WORK TO BE COMPLETED - Starting with the line below that holds "Now we needed" and stopping after the line that holds "Seinään uppoasennettavan sähkökalusteen", transcribe the lines exactly, leaving out all pictures.

(THE INPUT Opens)

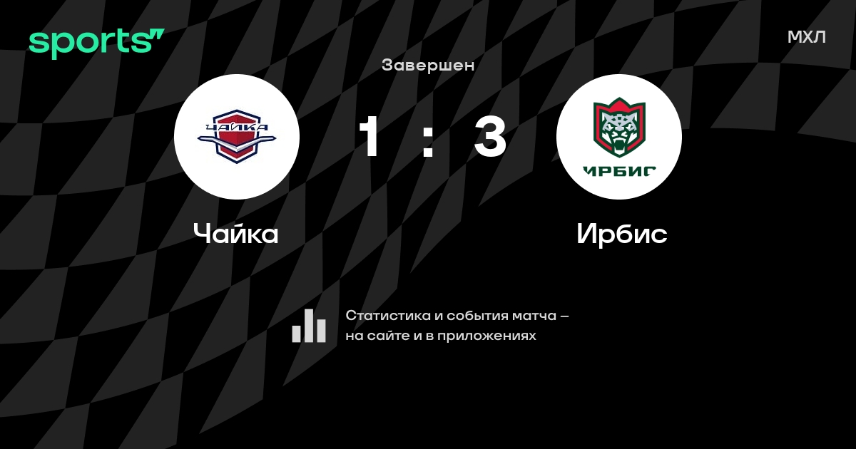 В прошедшем матче в рамках турнира МХЛ состоялась встреча команд Чайка - Ирбис в городе на стадионе Viktor Konovalenko Sports Palace со счетом 1 : 3.
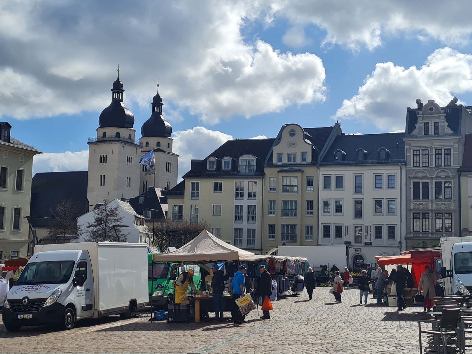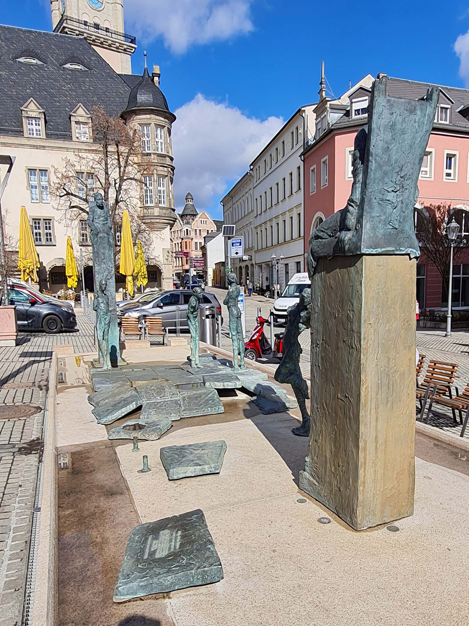 Dieses Denkmal von Peter Luban aus Plauen wurde am 7. Oktober 2010 schräg gegenüber dem Rathaus aufgestellt. Es soll an die friedliche Revolution in Plauen am 7. Oktober 1989 erinnern. Hier kam es zur ersten Großdemonstration in der DDR, die von den Sicherheitskräften nicht mehr aufgelöst werden konnte.
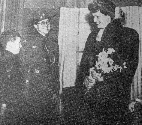 Mrs. Turner, wife of Major E. D. Turner, who is serving with the Eighth Army in Italy with George Cooper (who presented her with a bouquet) and Mrs. R. Cobb (Acting Cubmaster) after she had opened Mondays bring and buy sale.
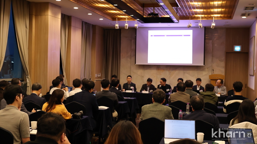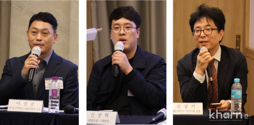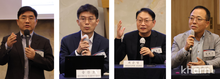 주제발표 이후 패널토론이 진행됐다. 장영수 대한설비공학회 차기회장(국민대 교수)이 좌장을 맡은 가운데 △홍성준 국토부 녹색건축과 과장 △최준영 대한설비공학회 전임 회장 △이상준 한국토지주택공사 위례사업본부 차장 △송찬호 한국기계연구원 히트펌프연구센터장 △진상기 대한기계설비산업연구원 실장 △강한기 이젠엔지니어링 대표 △신상혁 태영건설 기계팀장 등이 패널로 참여했다.
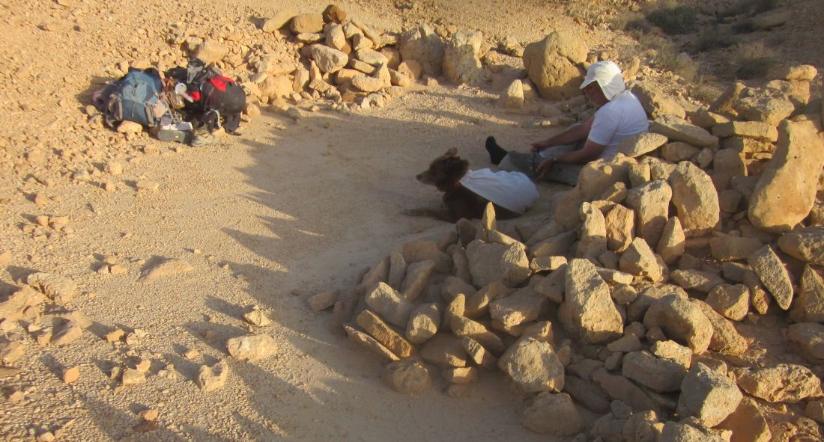 Now we needed to find a good place to camp. The area where we were was right on the junction of two dirt roads and the Israel Trail. It was too exposed to be a comfortable camping place. However, we didn’t want to hike too far with so much water to carry. I told Don to stay with the water and Taffy while I went in search of a good place. I walked further on the Israel Trail and there was soon a small wadi that went up towards the north. I clambered up a few meters and found a perfect place where someone, probably years ago, had cleared a flat area of rocks and used them to make low walls.
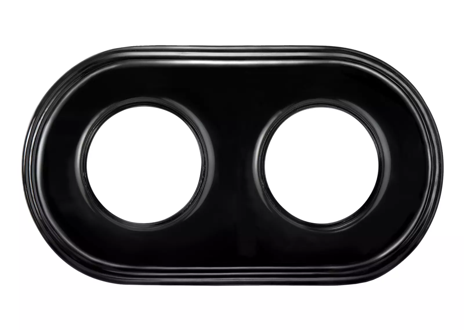 Seinään uppoasennettavan sähkökalusteen musta posliininen kehys, kahdelle kytkimelle tai pistorasialle.
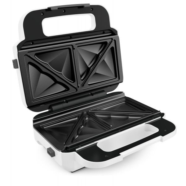 Устройство для приготовления сэндвичей и вафель с двумя наборами насадок в комплекте (панель для вафель и панель для поджаренных треугольных сэндвичей). Благодаря быстрому и легкому приготовлению вы удивите ваших гостей самыми вкусными блюдами! Просто смените панели и порадуйте своих близких, друзей и себя своими кулинарными произведениями: как солеными горячими бутербродами с наполнителями по вашему вкусу, так и ароматными сладкими хрустящими вафлями, от которых будут в восторге и взрослые, и дети.
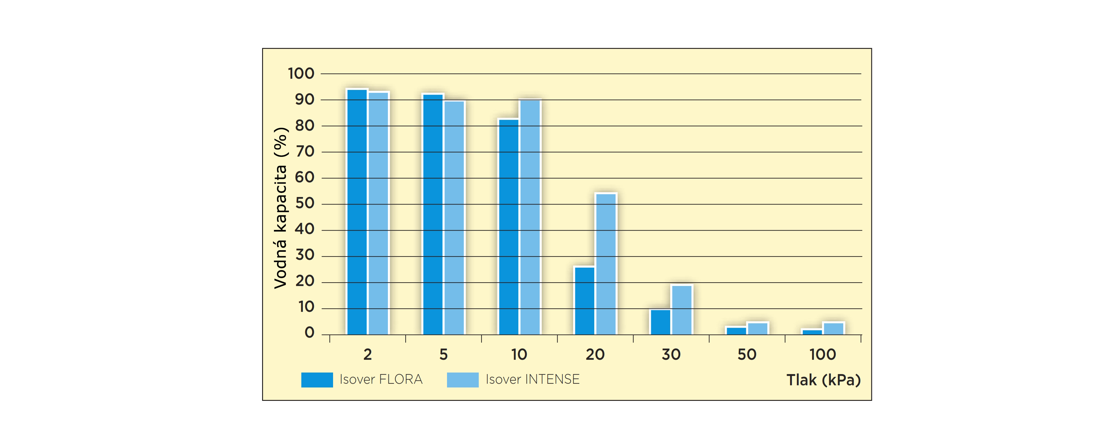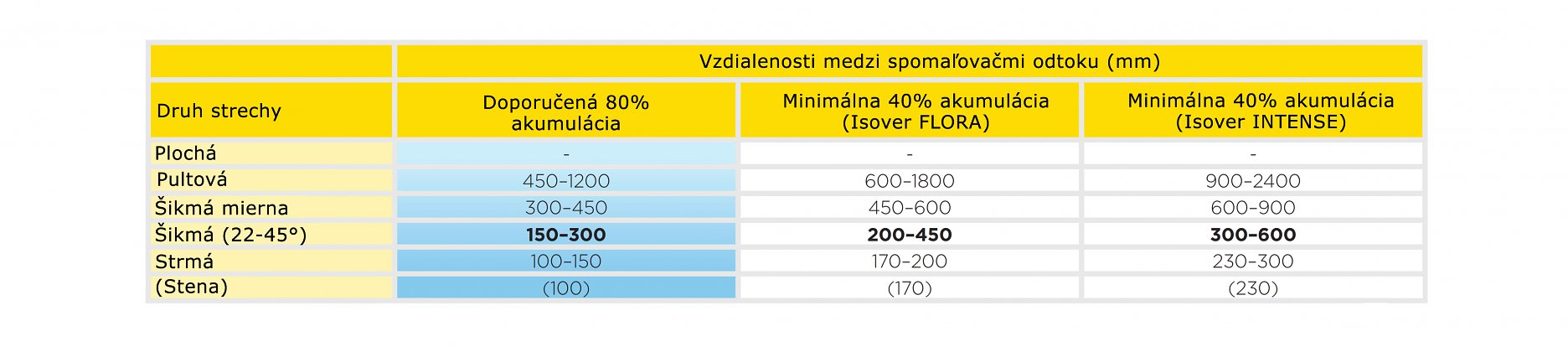 So vzrastajúcim tlakom vody vo vegetačnom súvrství klesá schopnosť materiálu túto vodu udržať, a tá je následne vytláčaná do drenážnej vrstvy. Minerálna vlna dokáže bez problémov vydržať tlak 10 kPa pri zachovaní vodnej kapacity okolo 80%. Tlak 10 kPa zodpovedá tlaku vodného stĺpca s výškou 10 cm. Pre maximalizáciu hydroakumulácie je teda nutné extenzívne šikmú vegetačné strechu navrhnúť so spomaľovačmi na túto hranicu. Ak v streche budú navrhnuté spomaľovače pod úroveň 40% akumulácie, alebo nebudú spomaľovače inštalované vôbec, je nutné použiť umelú závlahu. Minimálna hydroakumulácia zodpovedá výške vodného stĺpca 17 cm pri výrobku Isover FLORA a 23 cm pri výrobku Isover INTENSE. Pri použití iných výrobkov pre hydroakumuláciu (napr. akumulačný substrát) je nutné túto výšku prepočítať.
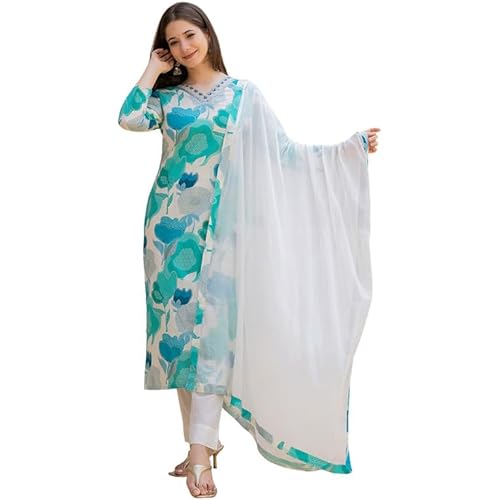 16 reviews for Vaamsi Women’s Floral Straight Printed Kurta Pant With Dupatta Set | kurta sets for woman
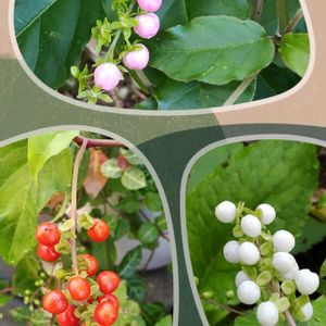 ジュズサンゴ ようやく桃玉が色づいてきて4色が可愛くツブツブしています🥰
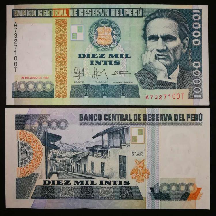 Peru 10000 Mil Intis, Random Year , UNC Banknote for Collection
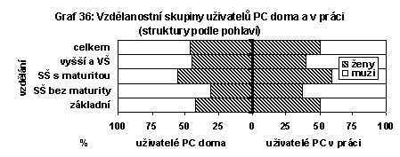 Mezi ženami, které použily počítač v posledních třech měsících, převládala skupina středoškolaček s maturitou – a to jak v případě těch, které použily počítač v práci tak i ve skupině těch, které ho použily doma. A to byly jediné dva případy, kdy podíly ve vzdělanostní struktuře byly ve prospěch žen (v případě uživatelů doma to bylo o 16,2 procentních bodů, v případě uživatelů PC v práci byl rozdíl ve prospěch žen dokonce 19,4 bodů). V ostatních případech vždy – jak mezi uživateli PC doma tak mezi těmi, kteří v posledním čtvrtletí pracovali s počítačem v práci – byly rozdíly procentních bodů ve prospěch mužů. Největší rozdíl v prospěch mužů pak byl mezi uživateli v práci s vyšším a vysokoškolským vzděláním, kde to bylo 12,2 procentních bodů. Při porovnání se vzdělanostní strukturou populace ČR se ukazuje, že vzdělanostní skladby uživatelů PC doma se od celkového rozložení v populaci příliš neliší, rozdíly však jsou markantní v případě uživatelů PC v práci. Je vidět vliv skutečnosti, že zejména mezi ženami je obecně vysoké zastoupení středoškolaček s maturitou, které často při svém zaměstnání využívají PC a právě mezi uživatelkami počítače v práci je jejich zastoupení bezkonkurenčně nejvyšší.
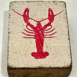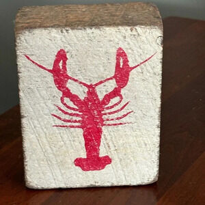 RED LOBSTER WOODEN BLOCK FARMHOUSE COUNTRY DECOR RED WHITE WOOD SIZE 6x4.5x2
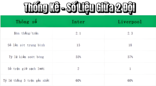 Hai đội từng gặp nhau một số lần tại đấu trường châu Âu, và kết quả thường khá cân bằng. Liverpool từng chiếm ưu thế trong quá khứ, nhưng Inter hiện tại đang mạnh hơn đáng kể so với chính họ vài năm trước.
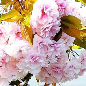 こんにちは😃☀️🌤 我が家の八重桜(牡丹桜)が咲きました(((o(*゚▽゚*)o)))♡🌸🍃🌸🍃🌸🍃🌸🍃🌸 裏庭の老木ですが、綺麗に咲いてくれ本当に嬉しいです。 o(^▽^)o🌸💗🌸💗🌸 ◎ 八重桜は、バラ科サクラ属の落葉広葉樹で、花びらがたくさんある桜の総称です。通常の桜の花びらは5枚なのに対し、八重桜は何枚もの花びらを重ねてつけることが特徴です。 1輪の花に平均10~130枚ほどの花びらがつき、「菊桜」「菊咲き」と呼ばれる種類になると、300枚以上の花びらをつけます。 また、花と同時に葉っぱをつけるものが多いことも、通常の桜との大きな違いです。品種改良によって生み出されたものが多いことから、山桜と対になる「里桜」とも呼ばれます。また、花の姿が牡丹と似ていることから、「牡丹桜」という別名がつけられました。 ◉ 水やり 地植えは、植え付け直後に1~2ヶ月ほど土が乾いたら水やりをすれば、後は降雨のみでも育ちます。鉢植えは、土の表面が乾きかけたら早めに水やりをします。 つぼみがふくらみはじめた頃の水切れに気をつけてください。 肥料の与え方 地植えは、2月と花後の5月の年2回、油かすと骨粉を等量で混ぜあわせた有機質肥料か、ゆっくりと効く緩効性化成肥料を与えます。 鉢植えはこれに加えて、3月と10月にも液体肥料を与えるとよい。 🏷 桜(さくら)リレー 🏷 ピンクワールドへようこそ
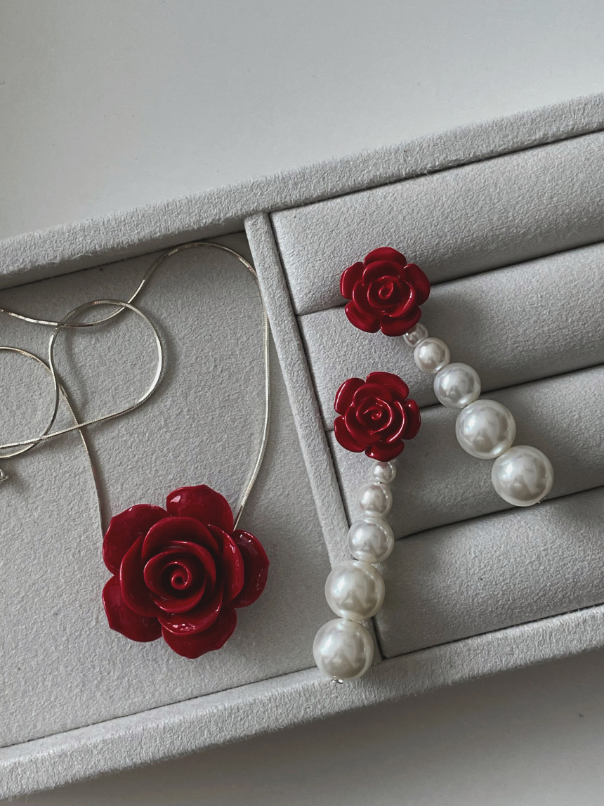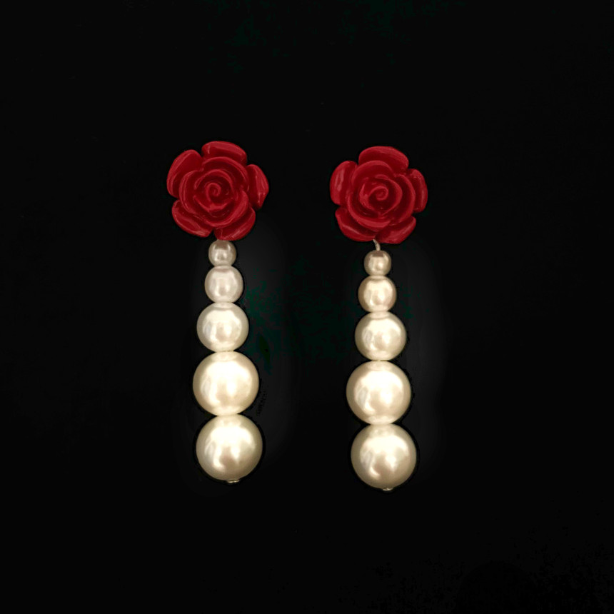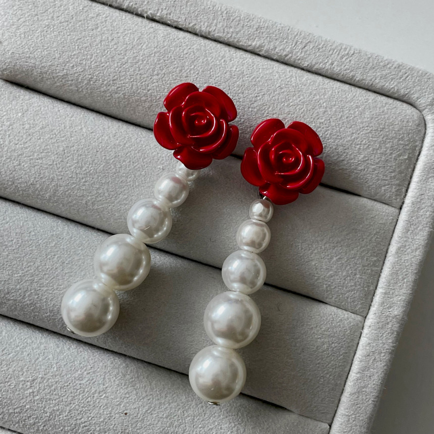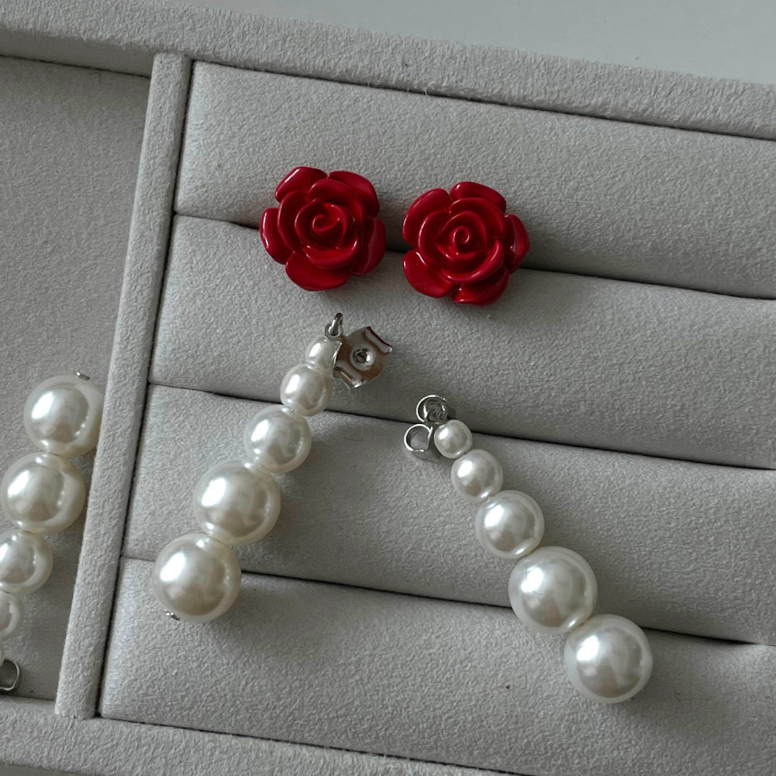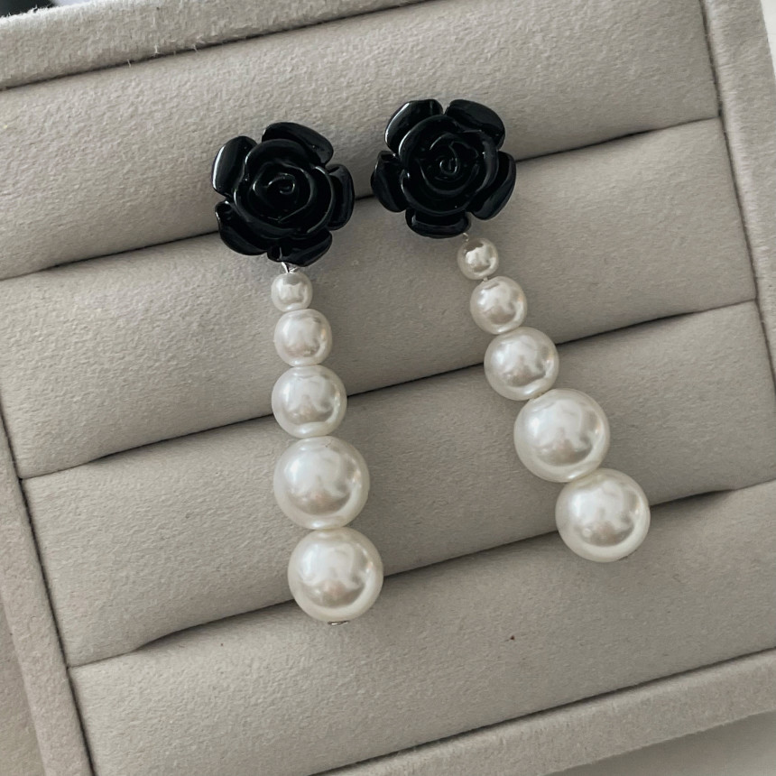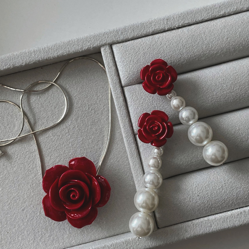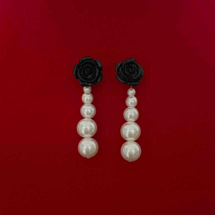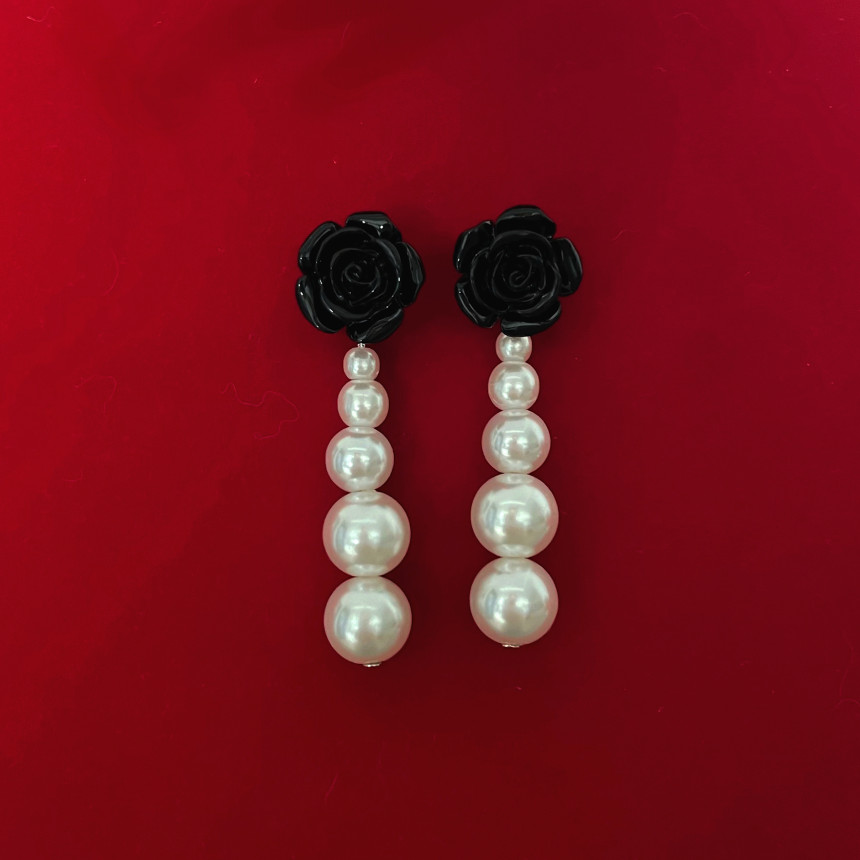 블랙 레드 장미 스터드 진주 클러치 귀걸이

(THE INPUT Closes)

REPLY TO THE TASK -
 Now we needed to find a good place to camp. The area where we were was right on the junction of two dirt roads and the Israel Trail. It was too exposed to be a comfortable camping place. However, we didn’t want to hike too far with so much water to carry. I told Don to stay with the water and Taffy while I went in search of a good place. I walked further on the Israel Trail and there was soon a small wadi that went up towards the north. I clambered up a few meters and found a perfect place where someone, probably years ago, had cleared a flat area of rocks and used them to make low walls.
 Seinään uppoasennettavan sähkökalusteen musta posliininen kehys, kahdelle kytkimelle tai pistorasialle.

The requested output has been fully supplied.